### DIRECTIONS
Only the pictures are to be left out; the listing itself is repeated exactly.

### DATA SUPPLIED
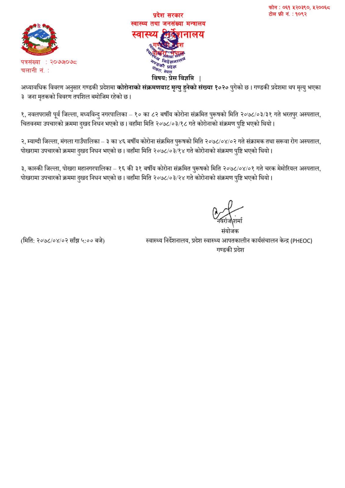 आज मृत्युहुनेमा नवलपुर जिल्ला मध्यविन्दु नगरपालिका १० का एक जना, म्याग्दी मंगला गाउँपालिका ३ का एक जना र कास्कि पोखरा -१६ निवासी ३१ वर्षीय पुरुष छन् ।
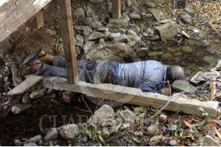 OAXACA, OAXACA, 15ENERO2009.- Un campesino fue hallado muerto debajo de un puente la mañana de este jueves en inmediación de san Felipe del agua, zona residencial al norte de la ciudad, fue descubierto por trabajadores que construyen una casa de lujo en esa zona. FOTO: MAX NÚÑEZ/CUARTOSCURO.COM
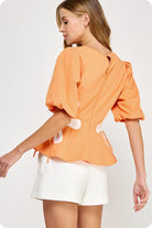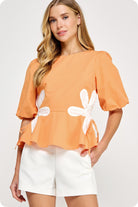 Tangerine Poplin Puff-Sleeve Blouse with Floral Accents
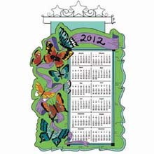 2012 Jeweled Calendar Kit. This wonderful kit contains everything you will need to complete this gorgeous jeweled calendar. This kit contains printed felt, cotton floss, wool yarn, color separated sequins and beads, needle, wooden dowel, finials, and instructions. Size: 24" x 16". Theme: Butterflies and Ribbon. Needle and beads imported. All other components made in USA.
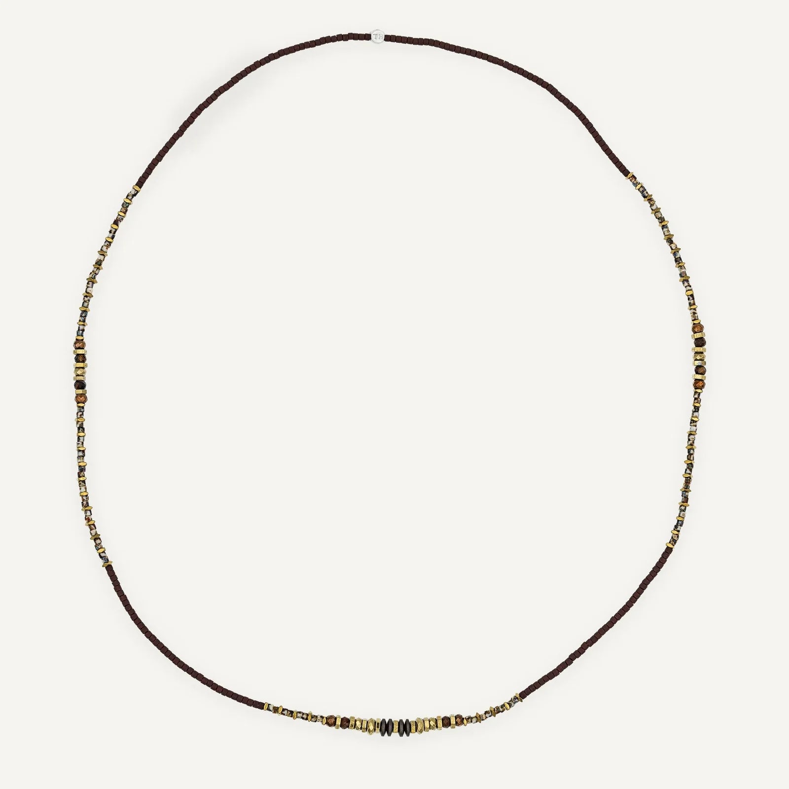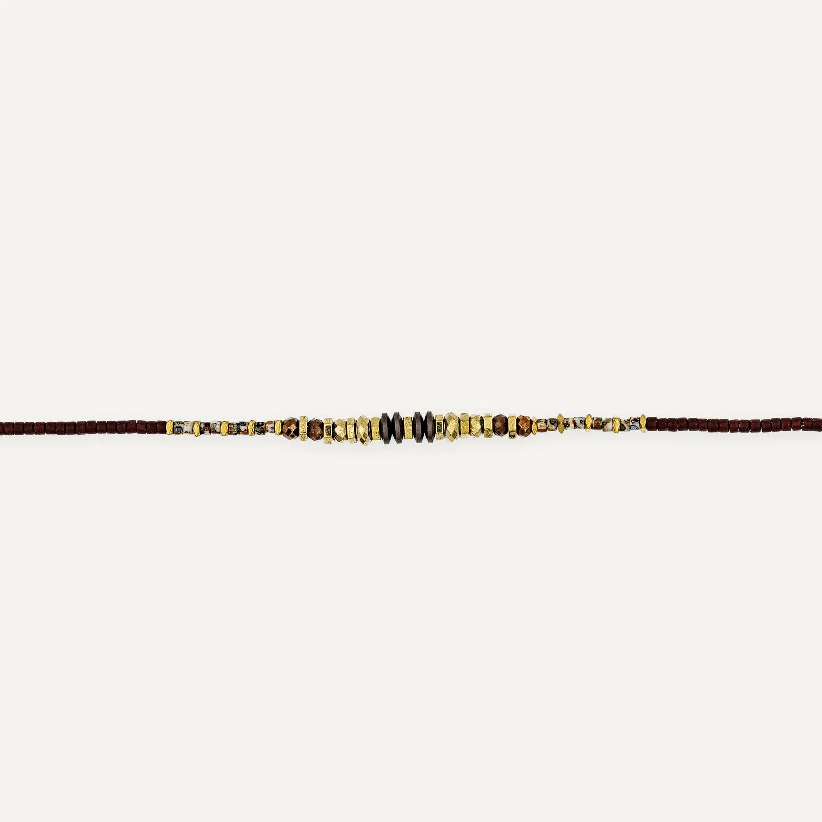 Composé de perles japonaises ultra fines et d'hématite gold et cuivre, ce bijou rappelle le côté gourmand et réconfortant d'un brownie.
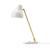 VL38 bordlampe fra Louis Poulsen, designet av Vilhelm Lauritzen. VL38 lampen tilhører en familie med belysning til vegg. gulv og bord – altså til alle plasser i hjemmet som har behov for belysning. Designen er et hvitlakkert, organisk formet og skråskåret lempehode med armer laget i messing. Plasser bordlampen på skrivbordet i kontoret og få et behaglig lys eller som en nattlampe på nattbordet. Lyskilden er LED 2700K.
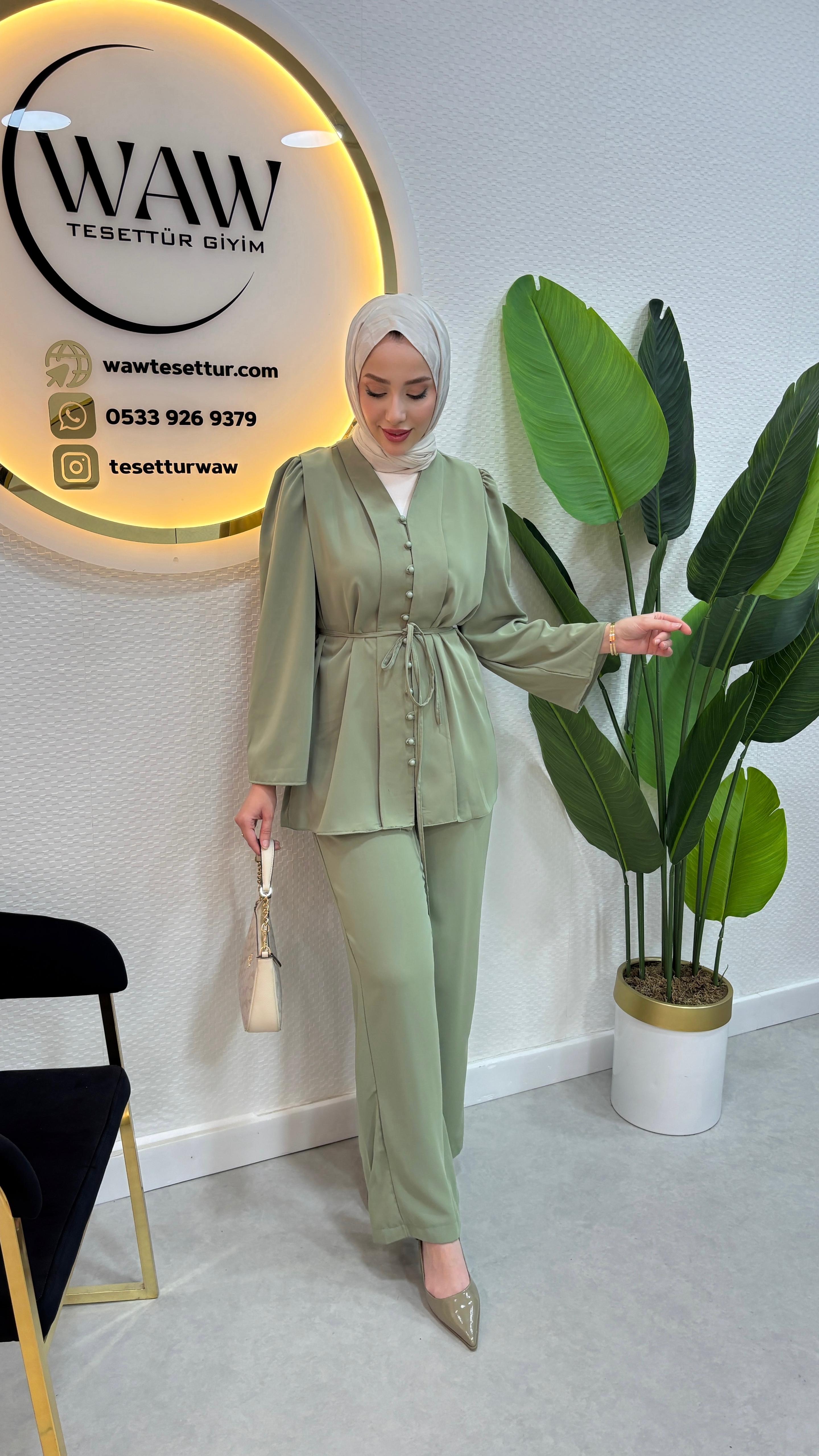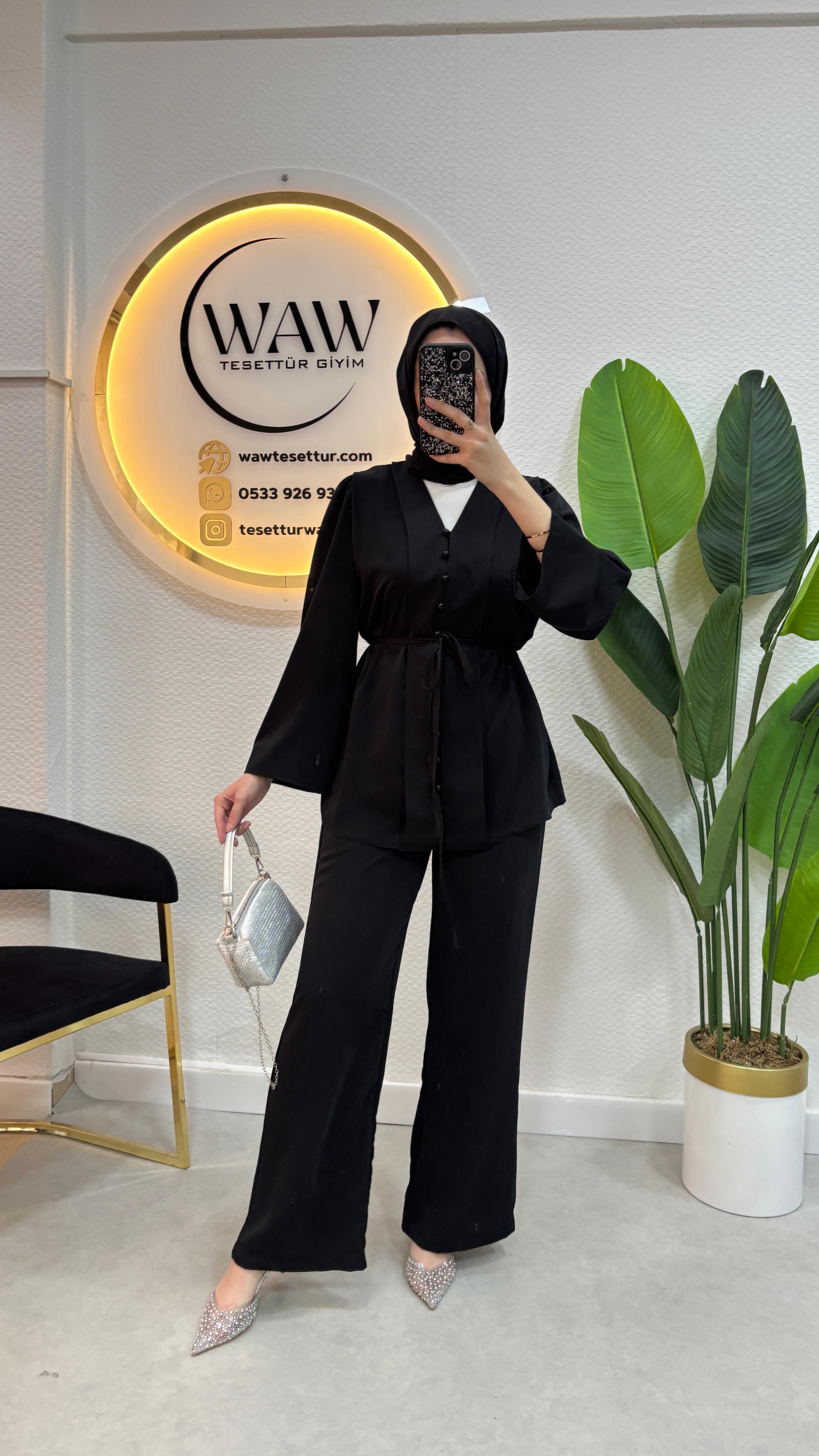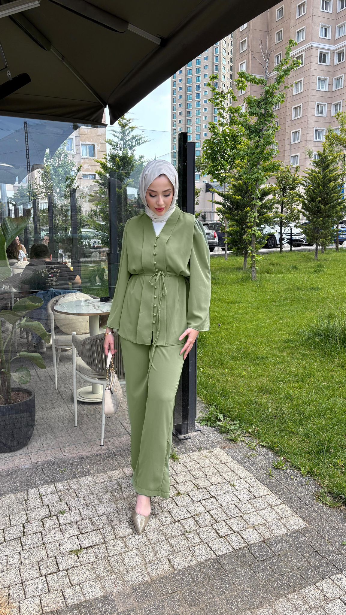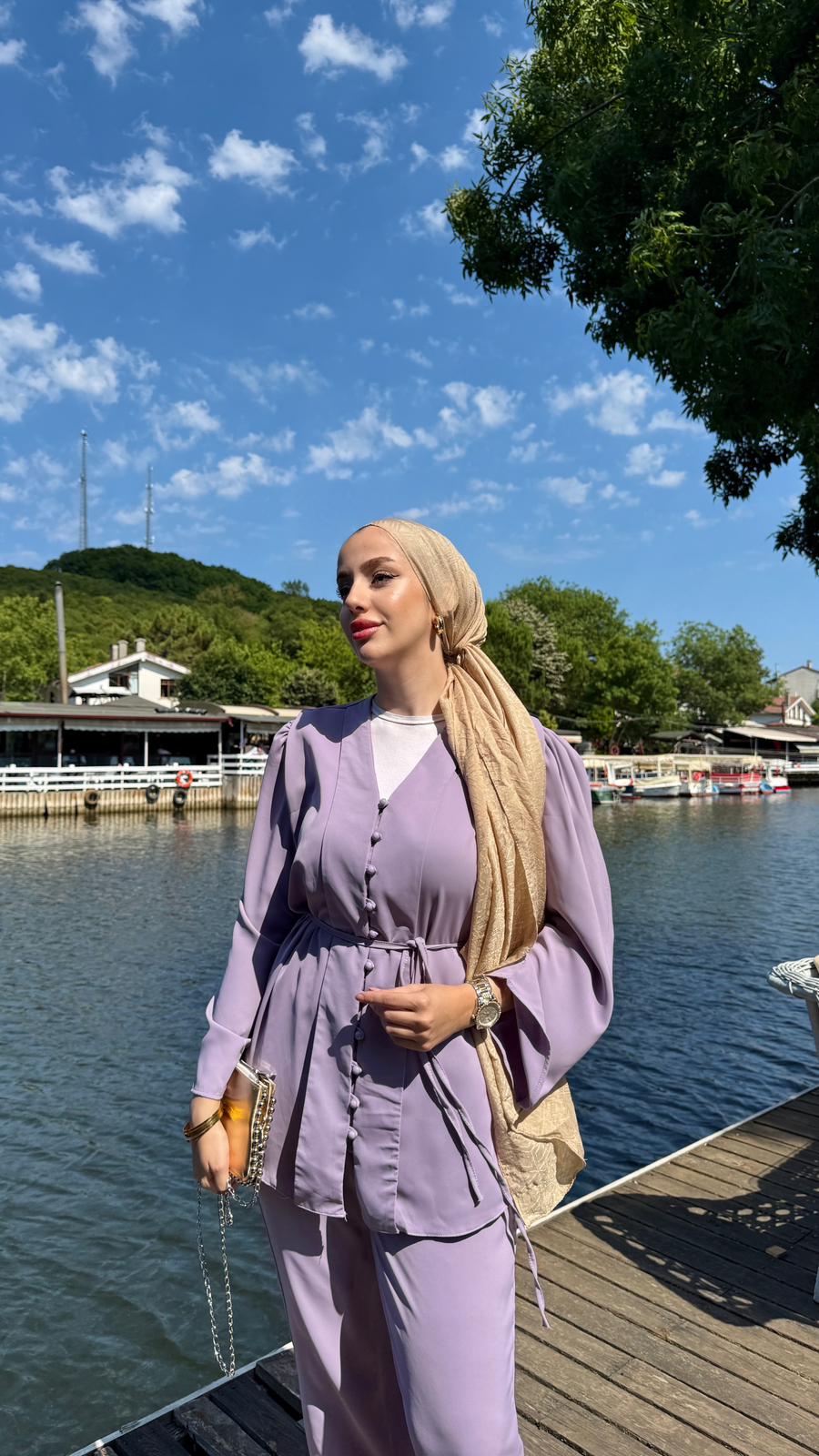 Ürünümüz dubai krep kumaştan üretilmiştir.Pantolon/tunik şeklinde ikili takımdır.Seyyar kemerlidir.36/38/40/42/44 bedenler mevcuttur. Pantolon bel lastiklidir.Manken 170/60kg 38 giymektedir.
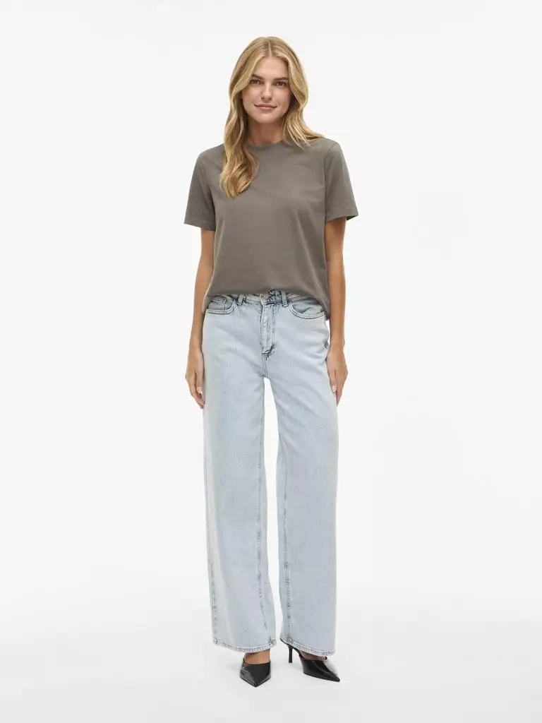 VILA Vinora Ruskeanharmaa T-paita | Pehmeä Luomupuuvilla
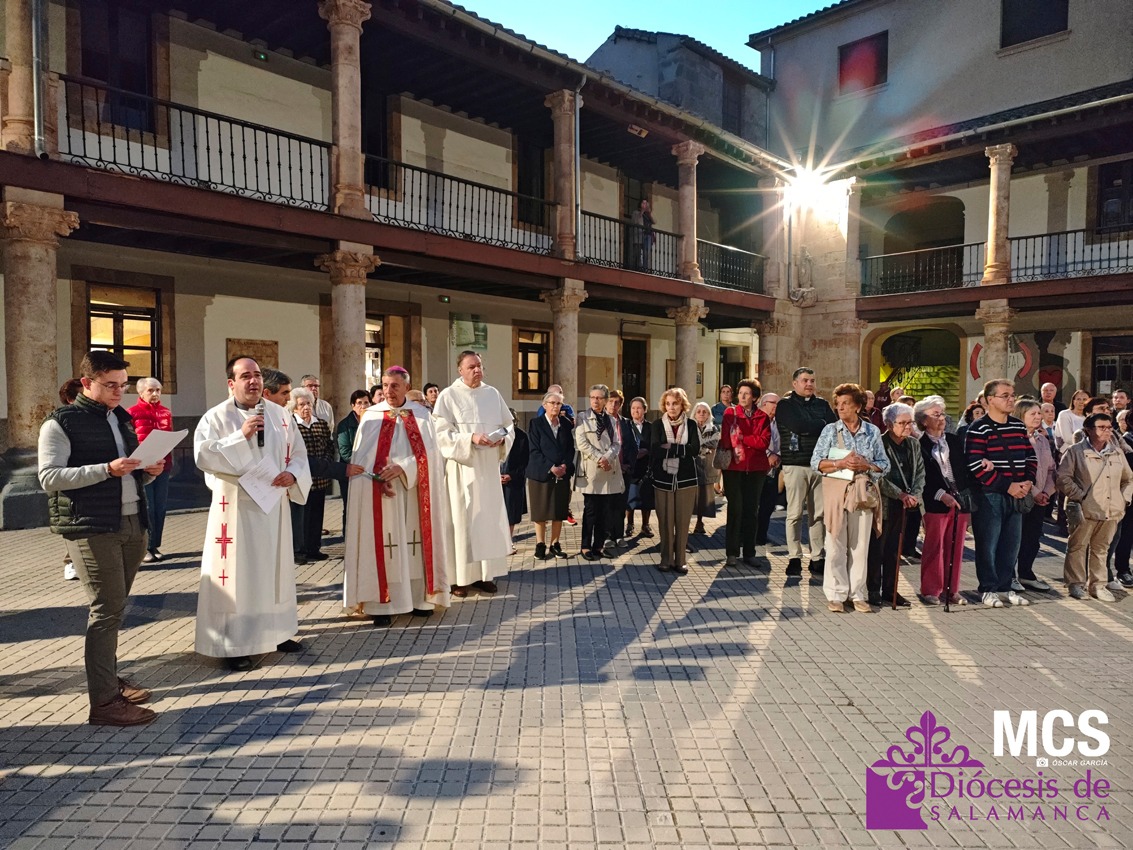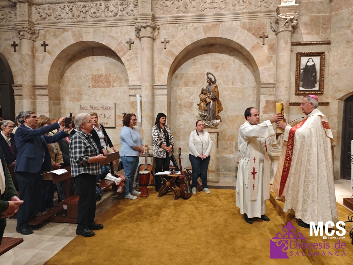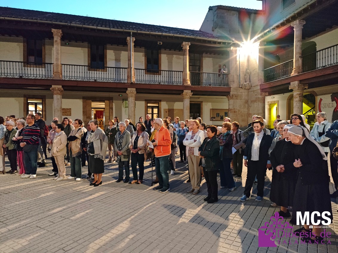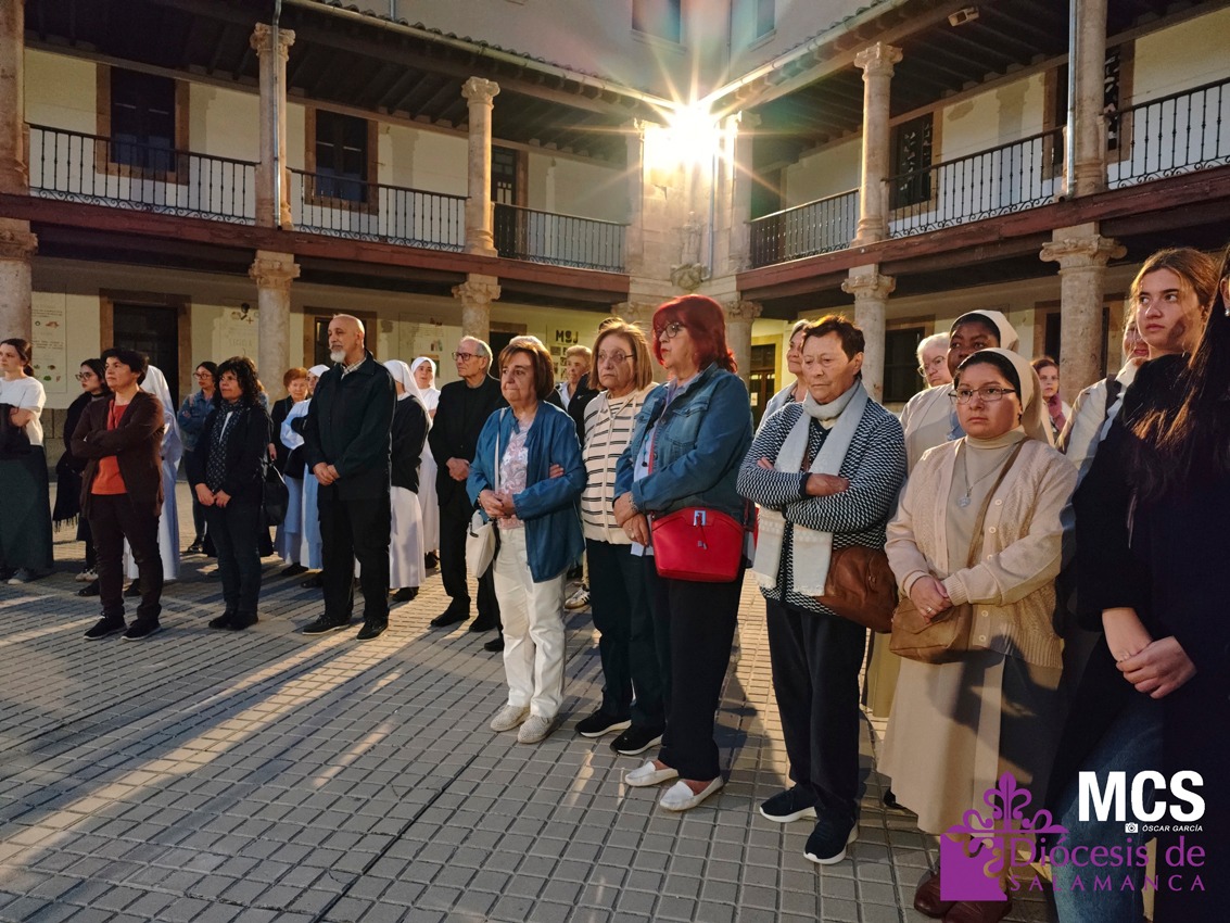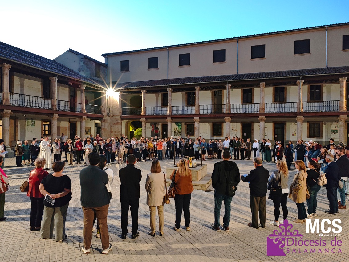 La capilla de las Siervas de San José, en el colegio de la Sagrada Familia, se llenó de silencio, cantos y símbolos en la Vigilia diocesana por las Vocaciones celebrada este jueves, 25 de septiembre, en XVII Semana de Pastoral. La celebración comenzó junto al pozo del patio en torno al cirio pascual, donde se presentaron tres signos sencillos —el crisma, el pan y un círculo de muñecos— que recordaron a los participantes la llamada a vivir la fe recibida en el bautismo con alegría y compromiso.
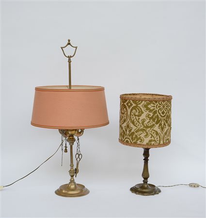 Lotto composto da una lampada fiorentina montata a luce elettrica e una lampada da tavolo ad una luce, in bronzo (difetti)
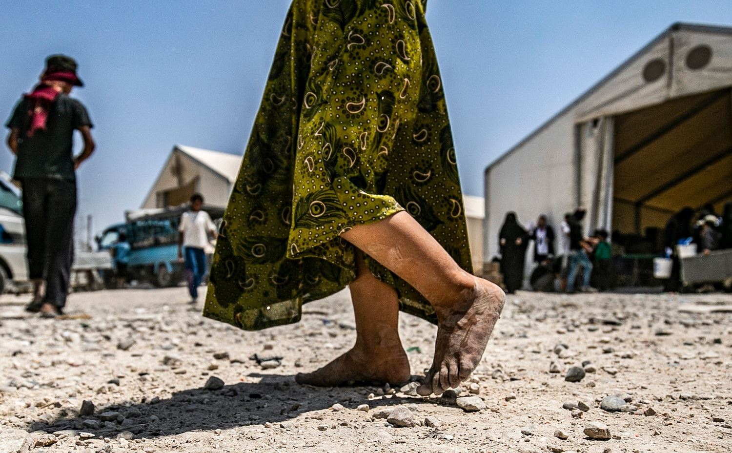 In this file photograph taken on July 22, 2019, a young child walks barefoot at al-Hol camp for displaced people, in al-Hasakeh governorate, north-eastern Syria. Photo: Delil Souleiman/ AFP

### FINISHED EXERCISE
 आज मृत्युहुनेमा नवलपुर जिल्ला मध्यविन्दु नगरपालिका १० का एक जना, म्याग्दी मंगला गाउँपालिका ३ का एक जना र कास्कि पोखरा -१६ निवासी ३१ वर्षीय पुरुष छन् ।
 OAXACA, OAXACA, 15ENERO2009.- Un campesino fue hallado muerto debajo de un puente la mañana de este jueves en inmediación de san Felipe del agua, zona residencial al norte de la ciudad, fue descubierto por trabajadores que construyen una casa de lujo en esa zona. FOTO: MAX NÚÑEZ/CUARTOSCURO.COM
 Tangerine Poplin Puff-Sleeve Blouse with Floral Accents
 2012 Jeweled Calendar Kit. This wonderful kit contains everything you will need to complete this gorgeous jeweled calendar. This kit contains printed felt, cotton floss, wool yarn, color separated sequins and beads, needle, wooden dowel, finials, and instructions. Size: 24" x 16". Theme: Butterflies and Ribbon. Needle and beads imported. All other components made in USA.
 Composé de perles japonaises ultra fines et d'hématite gold et cuivre, ce bijou rappelle le côté gourmand et réconfortant d'un brownie.
 VL38 bordlampe fra Louis Poulsen, designet av Vilhelm Lauritzen. VL38 lampen tilhører en familie med belysning til vegg. gulv og bord – altså til alle plasser i hjemmet som har behov for belysning. Designen er et hvitlakkert, organisk formet og skråskåret lempehode med armer laget i messing. Plasser bordlampen på skrivbordet i kontoret og få et behaglig lys eller som en nattlampe på nattbordet. Lyskilden er LED 2700K.
 Ürünümüz dubai krep kumaştan üretilmiştir.Pantolon/tunik şeklinde ikili takımdır.Seyyar kemerlidir.36/38/40/42/44 bedenler mevcuttur. Pantolon bel lastiklidir.Manken 170/60kg 38 giymektedir.
 VILA Vinora Ruskeanharmaa T-paita | Pehmeä Luomupuuvilla
 La capilla de las Siervas de San José, en el colegio de la Sagrada Familia, se llenó de silencio, cantos y símbolos en la Vigilia diocesana por las Vocaciones celebrada este jueves, 25 de septiembre, en XVII Semana de Pastoral. La celebración comenzó junto al pozo del patio en torno al cirio pascual, donde se presentaron tres signos sencillos —el crisma, el pan y un círculo de muñecos— que recordaron a los participantes la llamada a vivir la fe recibida en el bautismo con alegría y compromiso.
 Lotto composto da una lampada fiorentina montata a luce elettrica e una lampada da tavolo ad una luce, in bronzo (difetti)
 In this file photograph taken on July 22, 2019, a young child walks barefoot at al-Hol camp for displaced people, in al-Hasakeh governorate, north-eastern Syria. Photo: Delil Souleiman/ AFP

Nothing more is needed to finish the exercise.